The Canto v8 development team developed two additional fixes which the Gravity Team coordinated deployment of. One which provided a stronger proposer priority resync and one which automatically provided the chain-id that Canto could finally resume on August 14th.

Shortly after the chain resumed it was discovered that transactions from before the v8 upgrade could not be queried and transactions between the v8 upgrade and the final v8.1.2 version could also not be queried due to the chain-id mismatch showing up as an implied hardfork.

This discovery took more than a day, as no archive nodes were online after the chaos of hardforks on unexpected blocks. It took until August 23 for complete documentation about getting archive nodes back into sync and to be published.
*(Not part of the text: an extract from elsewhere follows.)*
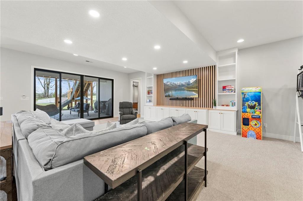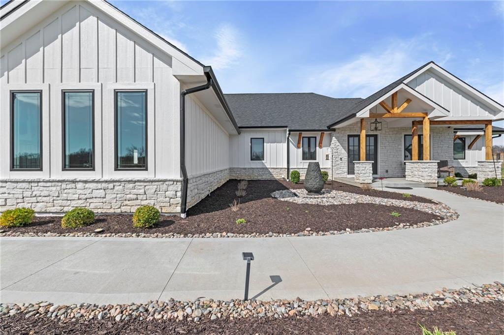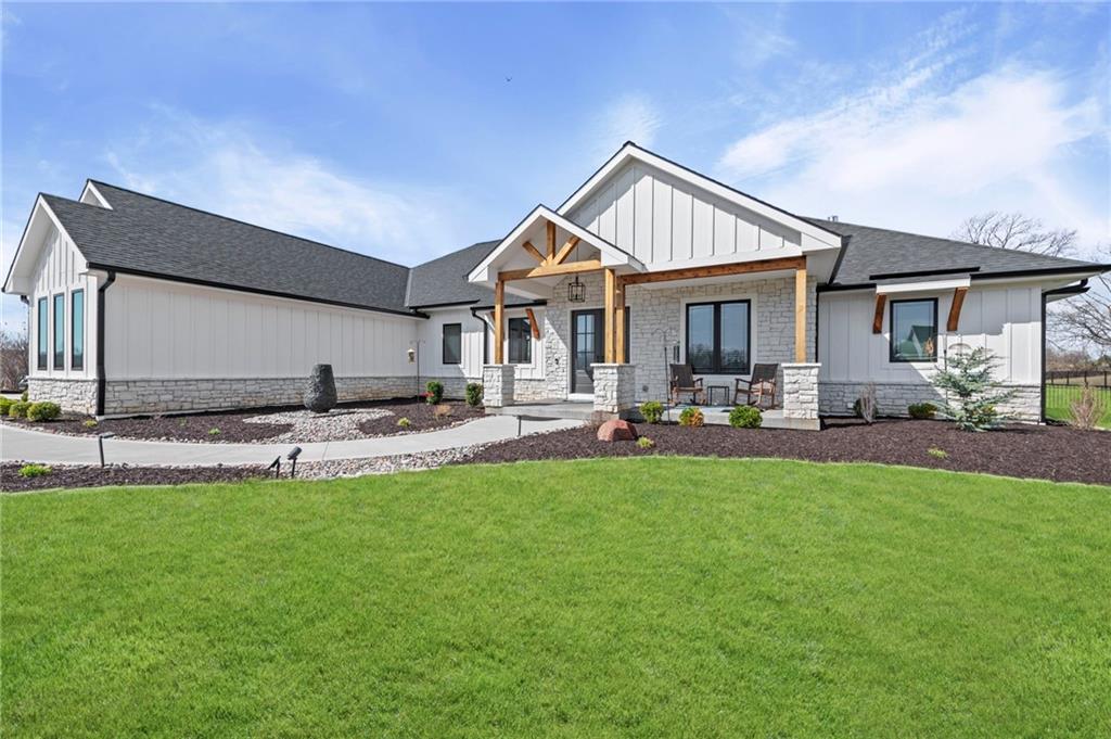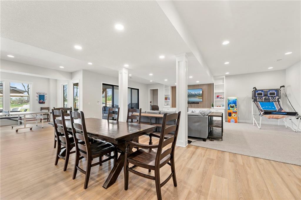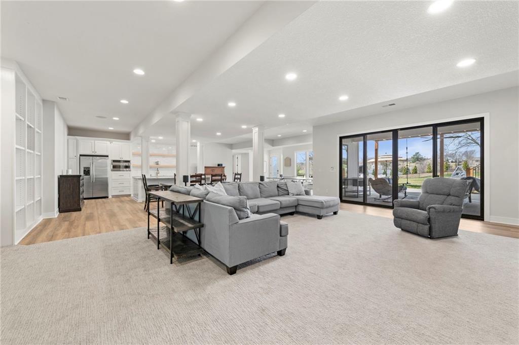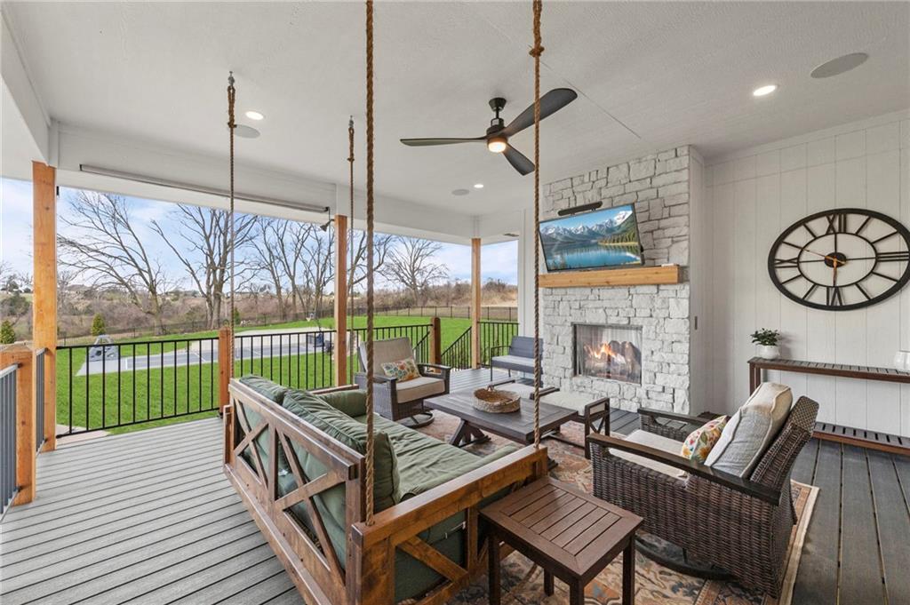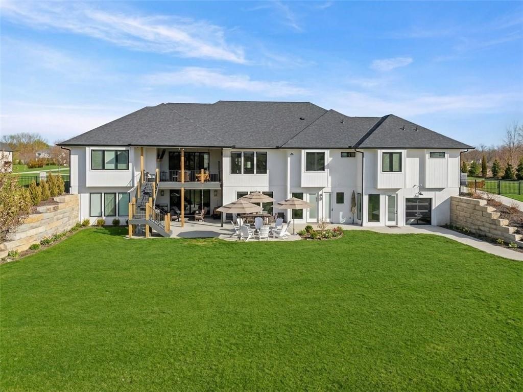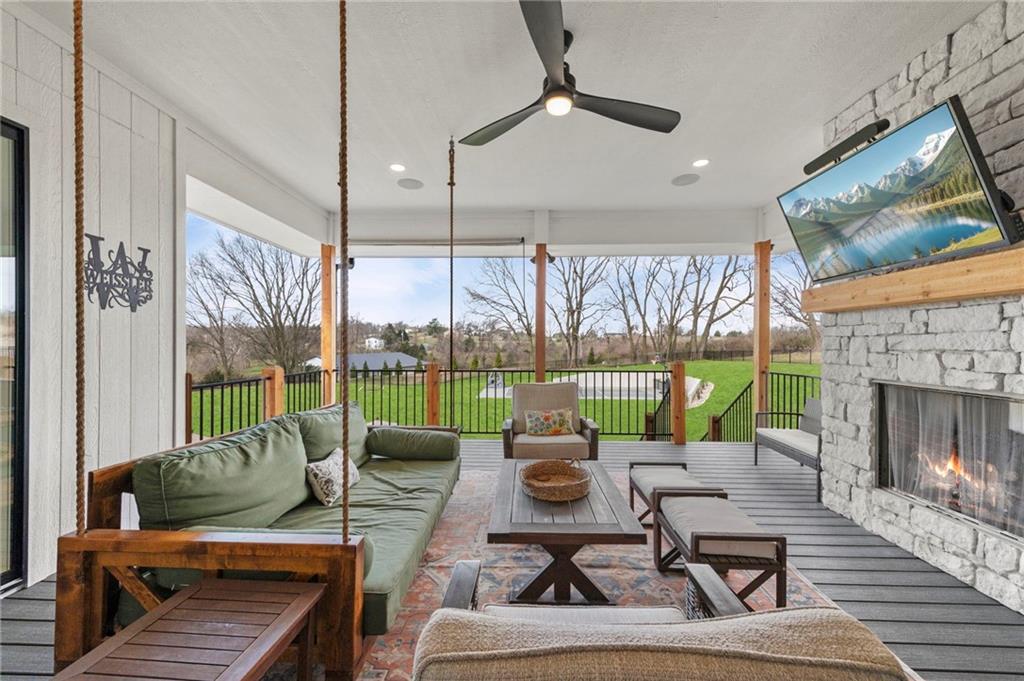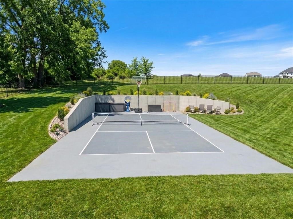 YOU HAD ME AT PICKLEBALL !!! TRUE RANCH w/ "5 BEDROOMS" ON THE MAIN LEVEL + OFFICE = 3300 + sq ft w/ over 6500 sq ft total sits on 1.5 acres! ENJOY your own PICKLEBALL/SPORT COURT & FLAT BACKYARD!!! THIS ESTATE HOME WAS CUSTOM DESIGNED FOR A BUILDER'S FAMILY. Park Hill South High School. Amazing 360 degree views as this homesite is a higher elevation, which adds privacy. Winding driveway with large turnaround area takes you to the side entry 3 car garage. Double Entry 8 ft doors into the main foyer with office close by. The towering stone fireplace & cathedral beamed ceiling in the great room adds a grand effect. White oak floors lead to the open Gourmet kitchen w/ magnificent island, Quartz countertops and painted cabinets. The Butler's Pantry has many extras including, cabinets, shelving, microwave, beverage fridge AND water bottle filler! Sliding doors to the covered deck has a NEW fireplace for those cozy evenings to enjoy sports or movie. Stairs go down to the wondferful patio. You will love the drop space & laundry room combination between the garage & kitchen. AMAZING space! The primary suite includes a fireplace with beautiful stone floor to ceiling accent. Primary bath is everything you could want, walk in shower, double vanity, heated tile floor and tub! Memories galore in the LL recreation room w/ 2nd kitchen/ bar area. Ping pong / pool table space in the family room. Plenty of space to work or play with the exercise room which opens up with a garage door to the magnificent backyard. The 6th bedroom suite in the lower level is private and quiet! There is another 1/2 bath on the Lower Level conveniently located in case there is a pool in the future ! This is a Unique and well designed Estate home ... so many opportunities w/ the backyard and outdoor living spaces. Beautiful sunsets await !

The number and variety of issues regarding accessing block data prevented any cross chain bridge integrated with Canto, with the exception of Gravity Bridge, from returning to operation before August 23rd.

Ongoing changes

Since August 2024 the Gravity team has worked to support and provide technical consultation during a transition of development teams supporting Canto blockchain. They have also worked to implement and deploy a new version of the Canto.io frontend, together with other community based development teams, that displays lending market positions and provides a simple GUI for liquidations.

This stability of the underlying infrastructure of Canto blockchain and front end now puts the Canto community in a position to decide what to do next.

Ideas for the future of Canto

These are some ideas for how to expand / improve Canto moving forward. Most of these are simple expansions that work well within the current tech and don’t require significant redevelopment. This isn’t a roadmap, but rather an invitation for the community to provide ideas on what may become the roadmap through on chain governance votes.

Getting the lending market moving

The Note mechanism as it is currently designed isn’t well positioned to leverage illiquid collateral.

Cosmos ecosystem liquid staking tokens represent an attractive option in terms of yield, but due to their volatility will need active liquidation bots as well as a carefully set reserve ratio.

WSTETH and SDAI represent far more conservative options, with comparatively lower yields. A combination of STATOM, WESTETH, and SDAI in the lending market with collateral ratios of 70%, 85%, and 95% seem like reasonable next steps.

These will provide a practical reason to use Note and the Canto lending market outside of the RWA use case, as an upside they may attract significantly more capital with higher possible yields. At the same time the volatility of the collateral means that NOTE will be less stable than it was during the RWA era. But with fully liquid and easy to liquidate token types bad debt should be avoidable.